Tuesday, January 20, 2009

Maven

A few months back I started using maven for a project, and since then my appreciation for this tool has been on the rise as I discover various feature and new plugins. Maven help out with software development process as well with design. Following are some of the benefits I have experienced.

Maven adds structure to your code repository. There is a place to put different artifacts (java source, properties files etc, JUnit test cases), this structure brings consistency to how code is organized in version control system.

Maven promotes modular design thru its dependency management feature. You can break up you project into different modules, and then build other modules on top of other modules. Maven can bring these modules together at build time. For example you could separate out DAO/Data model code create a maven module, then create another maven module for business logic which uses DAO/Data module, maven lets you specify the dependencies. This way you are maintaining a modular code and this will help you avoid mix up between your Data model class and business classes, lower layer modules are usable in multiple project if you need them.
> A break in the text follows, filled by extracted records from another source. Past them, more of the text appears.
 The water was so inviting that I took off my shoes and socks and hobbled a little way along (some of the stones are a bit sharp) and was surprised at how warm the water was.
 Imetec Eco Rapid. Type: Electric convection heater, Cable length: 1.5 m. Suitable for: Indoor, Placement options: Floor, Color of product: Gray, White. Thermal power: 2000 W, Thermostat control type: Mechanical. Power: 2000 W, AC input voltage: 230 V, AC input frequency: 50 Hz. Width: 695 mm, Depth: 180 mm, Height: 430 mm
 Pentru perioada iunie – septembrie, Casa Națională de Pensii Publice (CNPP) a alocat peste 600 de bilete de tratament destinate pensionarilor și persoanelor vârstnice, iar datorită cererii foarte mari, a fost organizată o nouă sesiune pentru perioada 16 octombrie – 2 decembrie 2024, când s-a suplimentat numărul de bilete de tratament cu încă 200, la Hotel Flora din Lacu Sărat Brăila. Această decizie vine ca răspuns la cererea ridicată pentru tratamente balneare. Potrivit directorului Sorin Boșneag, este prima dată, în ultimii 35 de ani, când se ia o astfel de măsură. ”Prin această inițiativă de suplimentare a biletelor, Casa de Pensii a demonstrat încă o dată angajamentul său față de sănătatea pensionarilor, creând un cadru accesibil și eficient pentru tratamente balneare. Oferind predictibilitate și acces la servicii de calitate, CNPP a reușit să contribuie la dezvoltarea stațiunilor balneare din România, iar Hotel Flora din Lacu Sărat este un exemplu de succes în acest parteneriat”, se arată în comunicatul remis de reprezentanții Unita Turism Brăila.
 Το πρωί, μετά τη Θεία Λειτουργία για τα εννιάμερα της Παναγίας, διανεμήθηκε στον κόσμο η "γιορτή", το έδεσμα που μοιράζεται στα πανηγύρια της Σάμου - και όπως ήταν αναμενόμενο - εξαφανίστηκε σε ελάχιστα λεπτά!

Maven also helps you manage dependencies on 3rd party modules. you don't have to manually download tonnes of 3rd part jars, instead provide minimum information (artifactId, groupId, version) about 3rd party components, and the associated jars will be downloaded for you, you won't have to keep track hundreds of jars coming for dozens for 3rd part components.

Another advantage of of Maven is it lets developers work with different environments like QA, development, staging, production with ease. Settings for different environments could be specified in respective properties files (for example where is QA DB ?) , and at build time simply include the property file or apply these properties to various configuration file and other resources by simply specify a profile switch as one of the maven command argument.
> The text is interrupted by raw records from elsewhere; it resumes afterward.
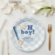 Prato De Papel Blue Plaid Little Slugger Baseball Baby Shower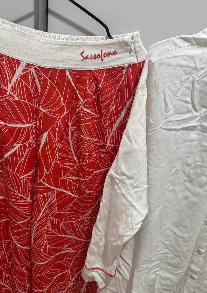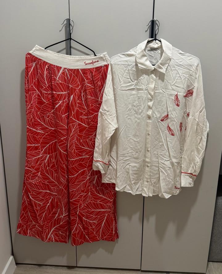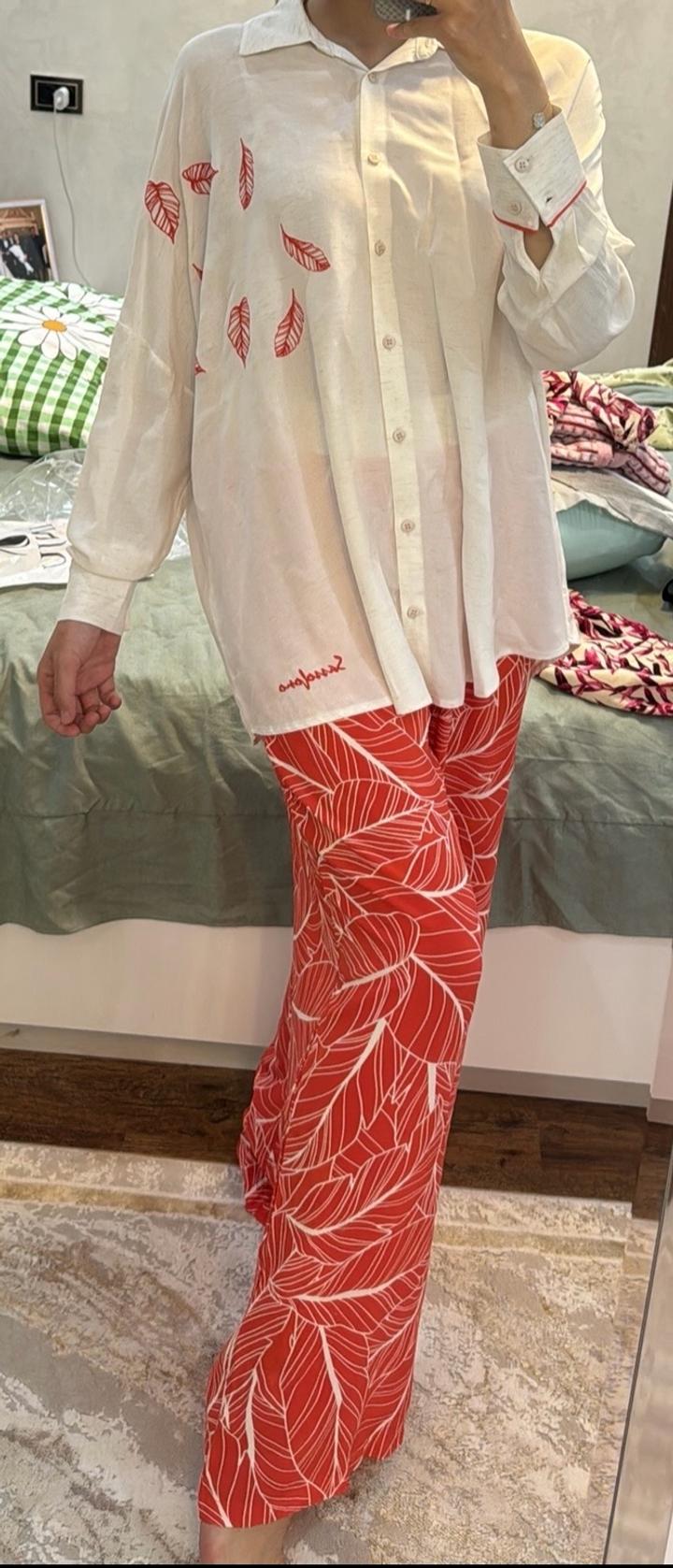 Двойка Sassofono, размер 38(+6) Рубашка изо льна, штаны из штапеля. Материал при стирке не садится, носила пару раз, в идеальном состоянии. Производство Турция Артикул: 401351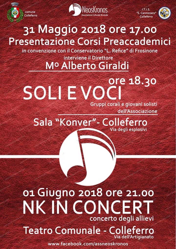 COLLEFERRO – Nel pomeriggio di ieri, 31 Maggio, presso la sala Konver in Via degli Esplosivi a Colleferro, sono stati presentati, in un incontro pubblico, i nuovi Corsi “base” e “Preaccademici” che l’Associazione Culturale musicale Neos Kronos terrà in convenzione con il Conservatorio Statale di Musica L. Refice di Frosinone.

Maven lets you run JUnit tests associated with you project.

Maven provides command line interface, and also works very well with popular IDEs like Eclipse and Netbeans, and with automated builds tools.
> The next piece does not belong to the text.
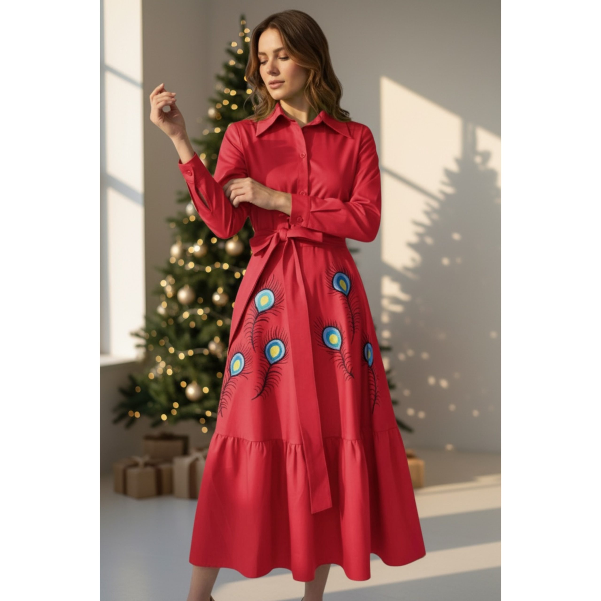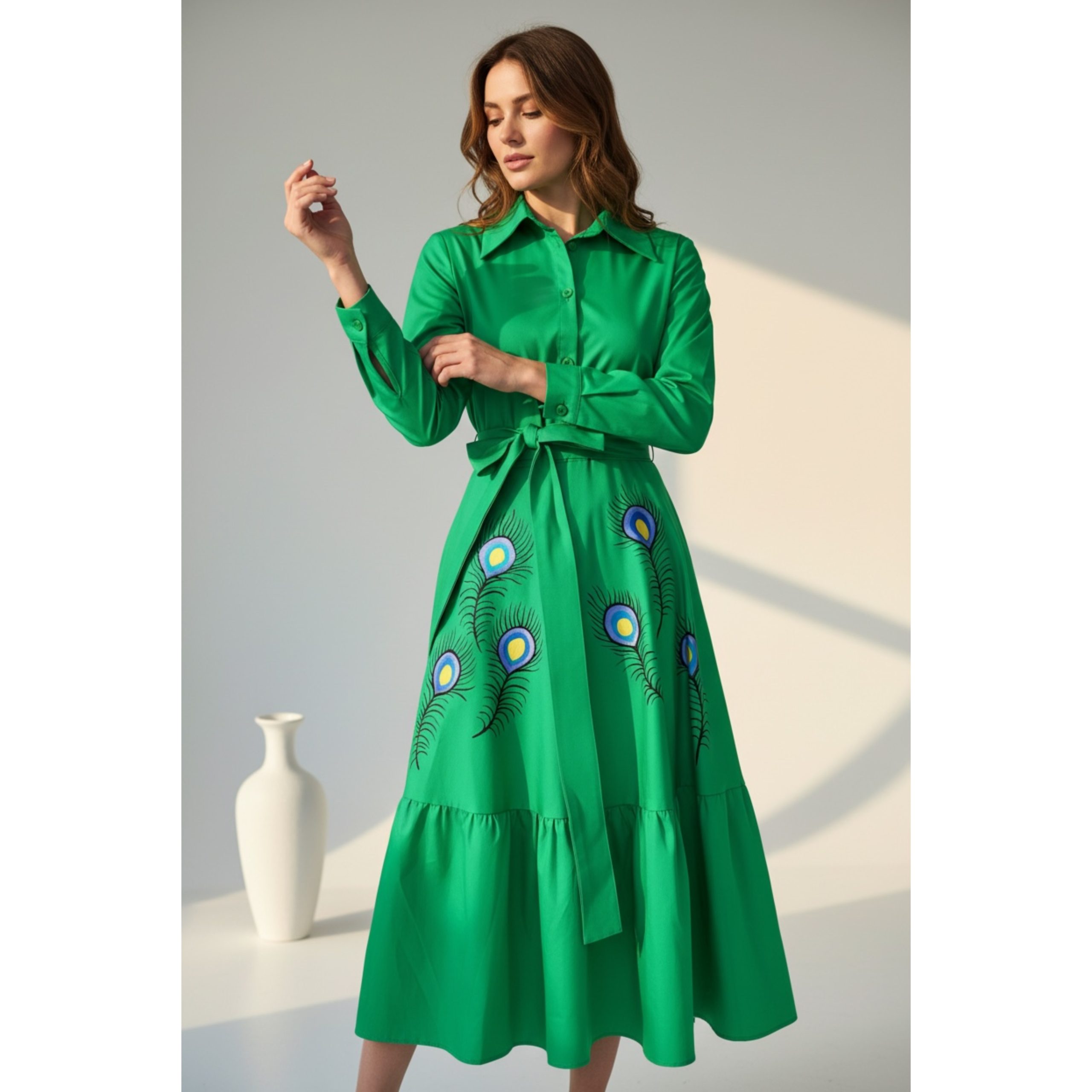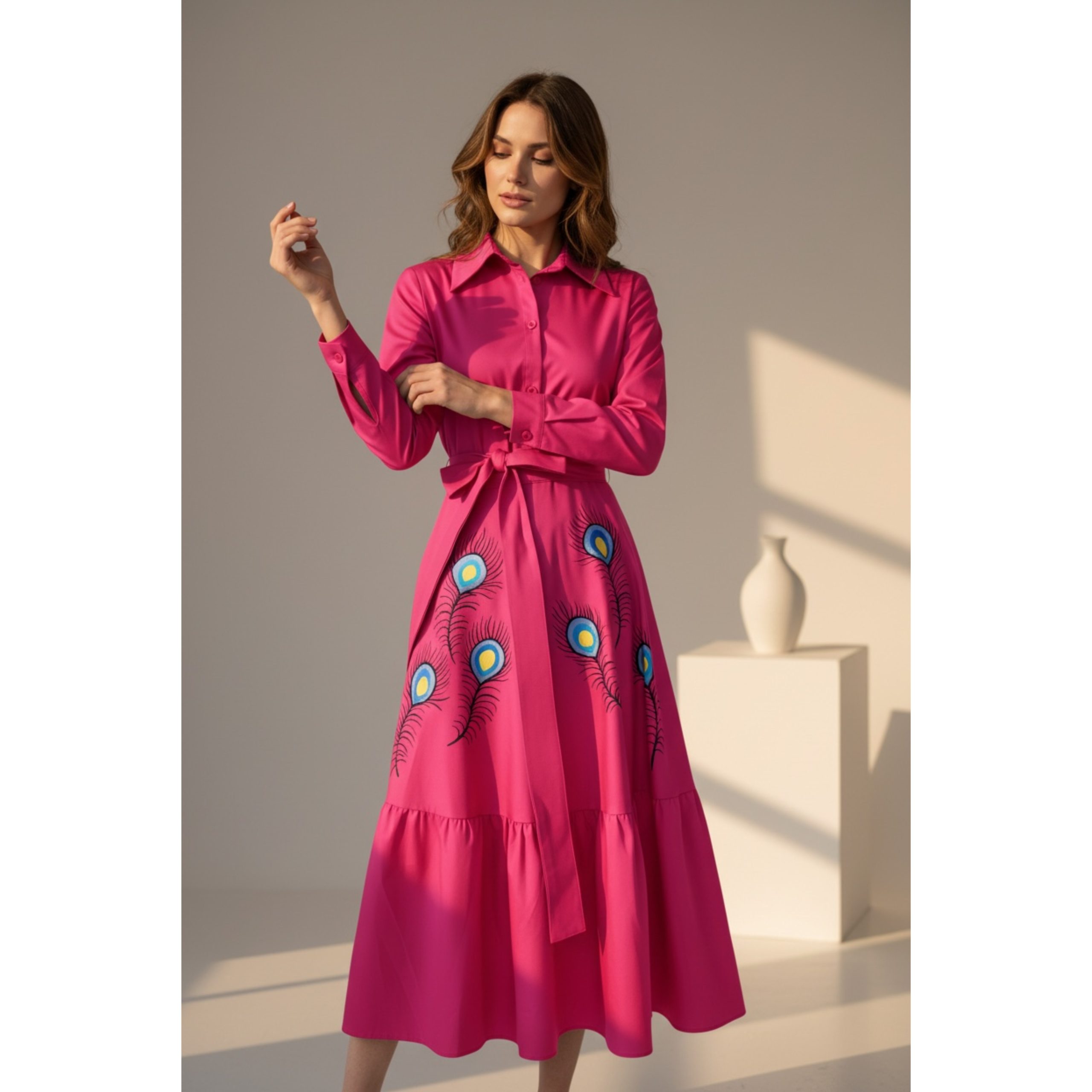Rochia are fermoar lateral si cordon detasabil. Este pictata manual.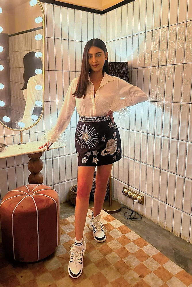 Capturing the heavenly sky, this skirt is the perfect statement piece for any party you're at! With a statement waistline, the skirt showcases hand-embroidered shimmering celestial bodies on the darkest base.- Delivery time within India - 10-15 business days.

A wide range of maven plugins are available to do various task like compile, packaging, generating code and lot more. For example generating axis WSDL code from existing java sources, you could create various packaging foo you projects, execute SQL script againsts database, deploy your application. These links provide plugin descriptions http://maven.apache.org/plugins/index.html, http://mojo.codehaus.org/plugins.html

When you are starting with Maven the terminologies could be daunting but once you start using it, it is a pleasant song.